Sure, Coach X and his team's would probably overachieve and sometimes beat a top 15 team, but I get the feeling we'd be falling back into mediocrity and it be a lot less maddening then the current Weis regime, better than the Willingham regime, but more like the Davie regime.
I guess there's two points that we just can't escape. A) Charlie Weis is a great recruiter. B) Charlie Weis has yet to prove he's a good coach. It's like one big yin-yang of contrast that doesn't seem to make sense.
First, Weis wins more games in two years than any coach in school history. Then he turns around and loses more games than anyone over a two year span. What have we learned from this? Heck if I know.
A lot of the problem is that there's probably only a half dozen men out there who could realistically bring Notre Dame back to elite program status. Even then, I'm not so sure even the best coach (and recruiter) in the world could hold on to excellence for very long in South Bend.
The academics, the weather, the growing parody in college football, and the last 15 years all demonstrate that the days of perpetual football dominance have come to an end for Notre Dame. With Weis, at least we know we have someone who can bring in top talent and have a shot at things like BCS bowls and National Championships.

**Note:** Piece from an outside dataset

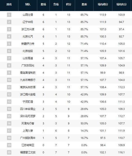 第七轮比赛结束后,CBA 排名也发生了很大的变化。首先是因为北京男篮在这轮比赛中输了,战绩和山西男篮、辽宁男篮、广厦男篮一样,都是6胜1负。由于相互的输赢战绩和净胜分的影响,山西男篮目前排名第一,辽宁男篮、广厦男篮、北京男篮分别排名第二和第四。
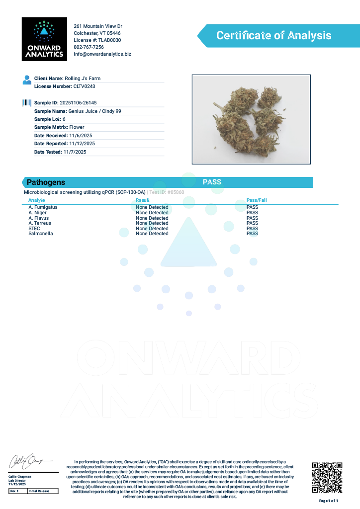 A custom house blend of sweet, gassy, extroverted strains: Dirty Mimosa, Farmer's Daughter, and Genius Juice Cindy 99.

So that's why I'm still behind Weis at this point. I'm not sure who could come in and do a better job and I'm at least excited about the explosive offense and the impending first round draft picks that are going to make Notre Dame look really good.
While that may not satisfy some fans who clamor for a dominant team, I think we should be happy that the talent assembled today gives us hope that there is a shot at something bigger on the horizon.
The loss to Michigan was bitter and gut-wrenching, but I think we have to look at the big picture and see an upward trend in all things Fighting Irish.